If you are unable to fetch data from the City: I’ve put a copy of a (200MB+) CSV version at “I:\Labs\CompSci\Resources\DATA 3464\housing_data_pre_split.csv”, accessible either through the lab computers or WebFiles at gp.mtroyal.ca
Setup#
Merge in the new pull request from your labs repo to get the starter code. This time you should be able to enter your credentials and hit go, and then it’ll fetch the data and do some preliminary cleaning. In the end, you’ll be left with a train/test/validation split of residential housing assessments with the following columns.
df.info()<class 'pandas.core.frame.DataFrame'>
Index: 487996 entries, 0 to 490511
Data columns (total 11 columns):
# Column Non-Null Count Dtype
--- ------ -------------- -----
0 ADDRESS 487996 non-null object
1 RE_ASSESSED_VALUE 487996 non-null float64
2 COMM_CODE 487996 non-null object
3 COMM_NAME 487996 non-null object
4 LAND_SIZE_SM 487996 non-null float64
5 SUB_PROPERTY_USE 487996 non-null object
6 MULTIPOLYGON 487996 non-null object
7 YEAR_OF_CONSTRUCTION 484288 non-null float64
8 PROPERTY_USE_DESC 480509 non-null object
9 longitude 487996 non-null float64
10 latitude 487996 non-null float64
dtypes: float64(5), object(6)
memory usage: 44.7+ MBI ran this on Friday, January 30th. The numbers may have been updated a little since then - this is why I chose to use the hashing method to split the dataset.
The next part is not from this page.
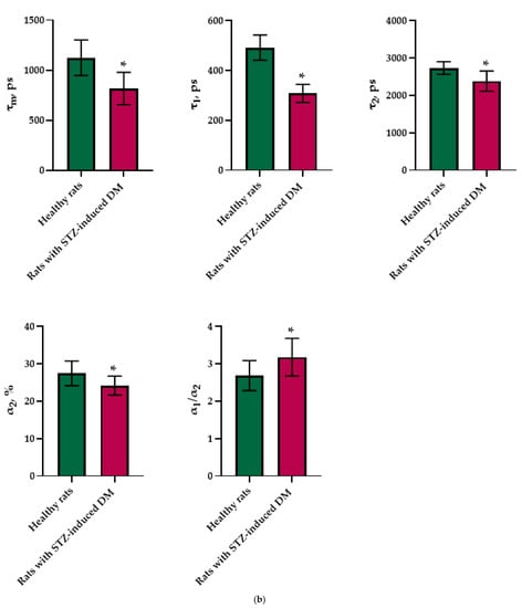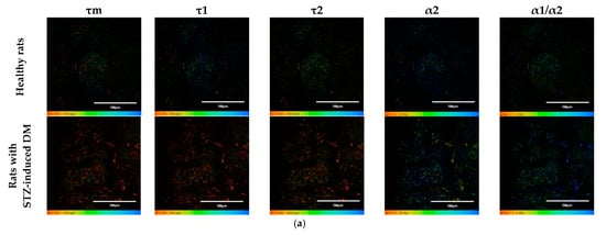 An analysis of the FLIM data showed that the islets cells of rats with STZ-induced DM differed from those of healthy rats in all tested parameters (p ≤ 0.05). Namely, the islets cells of rats with STZ-induced DM were characterized by lower values of τm, τ1, τ2, and α2 and higher values of the fluorescence lifetime contributions ratio (α1/α2) compared to the islets cells of healthy rats (Figure 1). Despite the fact that each of the parameters of islet cells of rats with STZ-induced DM is statistically significantly different from cells without pathology, several parameters can be distinguished, for which the differences between them is particularly pronounced. These are the parameters τm and τ1. Moreover, based on the values of α2 and α1/α2, we can assume that glycolysis predominates in the islets cells of rats with STZ-induced DM, while the islets cells of rats without pathology rely predominantly on OXPHOS.

Some of these columns are redundant: COMM_CODE and COMM_NAME are the same information, with COMM_NAME just providing human-readable information. Similarly, PROPERTY_USE_DESC just explains what the SUB_PROPERTY_USE categories are. Some others, like the MULTIPOLYGON should probably be ignored entirely.
Preprocessing applied#
Feel free to read through and see the preprocessing done. I’ve tried to add comments to explain my decisions, but I didn’t include the exploration that led to those decisions. This included things like inspecting duplicate addresses and missing assessment values, as well as looking at the value_counts of SUB_PROPERTY_USE.
In the end, there’s a test/train/validation split applied, with RE_ASSESSED_VALUE assigned to the target y variable.
Your task#
Assume that we are going to use this data with some kind of linear model that benefits from having roughly standard normal data. This means you must build a preprocessing pipeline that:
- applies any necessary transformations to make the relationship between the feature and target more linear
- applies any necessary transformation to make the numeric features more normally distributed
- rescales the numeric features
As you’ve already seen, the land size doesn’t make much sense for multi-unit buildings. This will probably benefit from considering interaction effects but can be ignored for now, just try to get the numeric features on the same scale and roughly normal. You can do this with scikit-learn pipelines, or by defining your own functions to compute the transforms - just make sure to calculate any parameters from the training set only.
If this is all the energy you have to do in this lab, you’re done! Apply your transform to the validation set and plot the numeric features after your transformations to make sure it worked.
Extras, if you like#
Try preparing the data further by encoding the categorical predictors and combining the results with the numeric predictors. Next, try training a regression model (like plain old LinearRegression) to see if you can predict the assessment values.